I agree with that. The instruments sound too distant and it's keeping me from picking this one up. Do the instruments really sound like this or are they just on ambient mics in the demos? I'd like to hear some sound examples on close mics too.


----------



## tmm (Feb 20, 2014)

They have a clear, smooth, breathy tone when you turn the reverb off. I plan on using the CB flute in the next song I'm working on, so I'll try to get a clip of it ASAP. That flute in particular has a very unique and great tone.

The ocarina (despite my earlier comment  ) is actually by far the best (virtual) ocarina I've played.


----------



## Synesthesia (Feb 21, 2014)

Hi chaps,

They are completely dry when the reverb is turned off.

Thanks!

Paul


----------



## Ben H (Feb 21, 2014)

Hi Paul,

Can you post some dry examples, please?

Thanks.


----------



## fratveno (Feb 21, 2014)

FWIW: here are some DRY ramblings on the Chinese bamboo, Shakuhachi and CB Flute resp... R mic only, Performance patches

https://dl.dropboxusercontent.com/u/43359256/KITBAG-dry.mp3 (https://dl.dropboxusercontent.com/u/433 ... AG-dry.mp3)


----------



## Ben H (Feb 23, 2014)

Thanks *fratveno*


----------



## tmm (Feb 28, 2014)

This isn't exactly dry, but the intro features the Contrabass Flute:

[flash width=600 height=100 loop=false]http://player.soundcloud.com/player.swf?url=https://soundcloud.com/themammonmachine/bloodless-the-scourge[/flash]

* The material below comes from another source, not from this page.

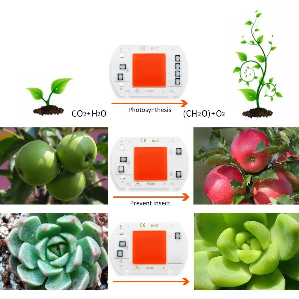 Светодиодные чипы с Cob матрицей, лампа полного спектра для выращивания растений, не требует драйвера, Диод для прожектора сделай сам, 220 В, 20 Вт, 30 Вт, 50 Вт
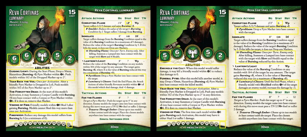 Funeral Pyre has gotten a side-probably-upgrade - now Reva gets a free Pyre Marker in the Start phase, rather than when she kills something. (Mostly you got those markers from Enkindle kills, but Enkindle is gone now anyways). Note that the free push from Guiding Light is

I love the way the upper register sits with Zebrify


----------



## british_bpm (Feb 28, 2014)

Last few hours of the promo gents!

Best.

C.


----------



## playz123 (Mar 1, 2014)

Whew; thanks for the heads-up, Christian. Just made it under the wire. Purchasing this has been on my 'to-do' list for awhile now, and I might have regretted missing the release price. Downloading now.


----------



## chimuelo (Jun 1, 2015)

Great new addition to Kontakt.
What an impressive audio quality for Exotic Winds.

Thank You

Onto Sledgehammer....


----------



## ag75 (Jun 14, 2015)

I own both of these libraries and I think they are wonderful. The Bass flute is just so unique and like no other library sample I own.


----------



## Ned Bouhalassa (Jun 15, 2015)

Same here. But I thought it was our little secret? :wink:


----------